TASK REQUIREMENTS: Reproduce the material below only from the line with "The Wrangler Louella" to the line with "Super cool and", both included, keeping each line exact and dropping the pictures.
[[ SUPPLIED INFORMATION open ]]
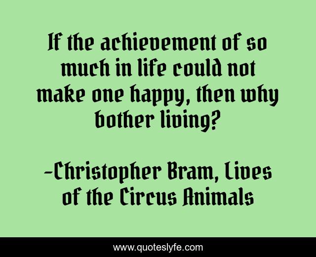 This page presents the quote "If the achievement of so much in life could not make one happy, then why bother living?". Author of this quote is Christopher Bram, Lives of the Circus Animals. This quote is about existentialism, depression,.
[[ SUPPLIED INFORMATION closed ]]
[[ SUPPLIED INFORMATION open ]]
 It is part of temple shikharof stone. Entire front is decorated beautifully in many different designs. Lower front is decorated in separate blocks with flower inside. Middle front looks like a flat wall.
[[ SUPPLIED INFORMATION closed ]]
[[ SUPPLIED INFORMATION open ]]
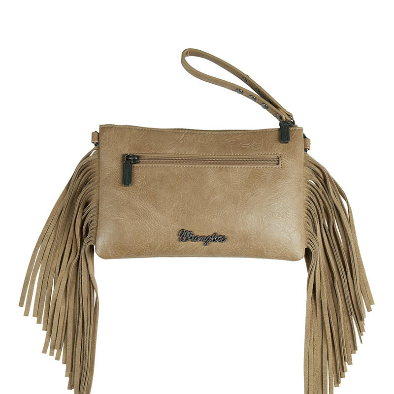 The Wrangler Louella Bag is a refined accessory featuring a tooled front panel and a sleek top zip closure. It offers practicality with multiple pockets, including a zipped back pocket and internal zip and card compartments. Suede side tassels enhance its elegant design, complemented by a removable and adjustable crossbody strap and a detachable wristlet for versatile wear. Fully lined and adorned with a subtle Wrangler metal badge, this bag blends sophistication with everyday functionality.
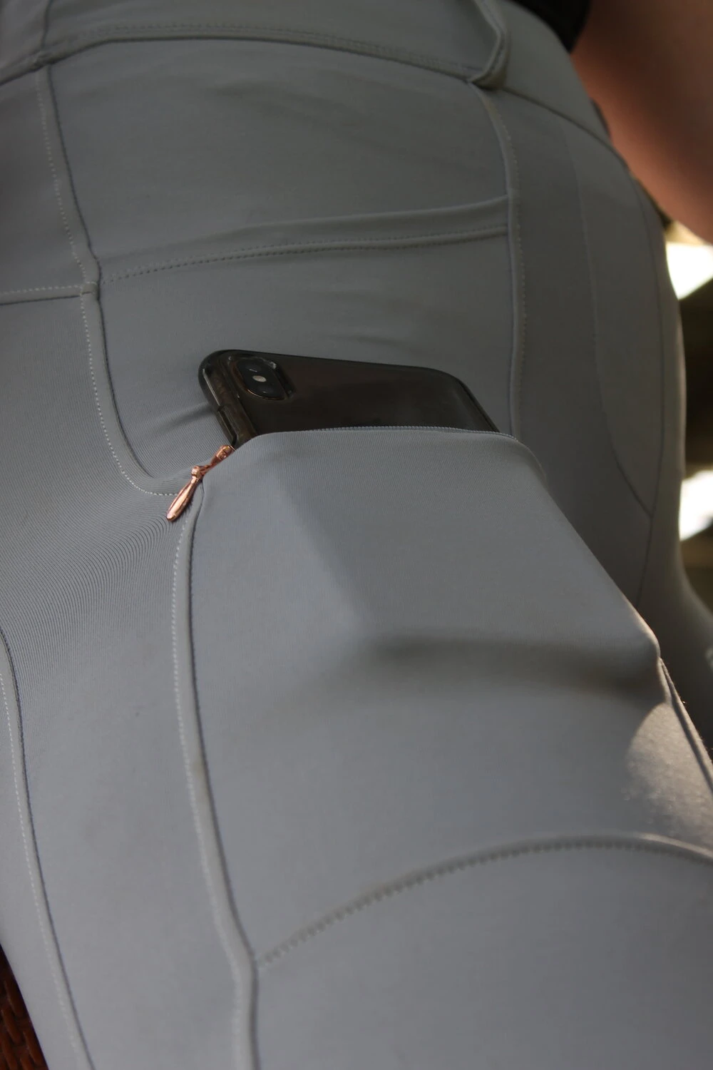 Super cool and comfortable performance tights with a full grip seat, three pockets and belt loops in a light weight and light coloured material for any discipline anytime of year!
[[ SUPPLIED INFORMATION closed ]]
REPLY TO THE TASK:
 The Wrangler Louella Bag is a refined accessory featuring a tooled front panel and a sleek top zip closure. It offers practicality with multiple pockets, including a zipped back pocket and internal zip and card compartments. Suede side tassels enhance its elegant design, complemented by a removable and adjustable crossbody strap and a detachable wristlet for versatile wear. Fully lined and adorned with a subtle Wrangler metal badge, this bag blends sophistication with everyday functionality.
 Super cool and comfortable performance tights with a full grip seat, three pockets and belt loops in a light weight and light coloured material for any discipline anytime of year!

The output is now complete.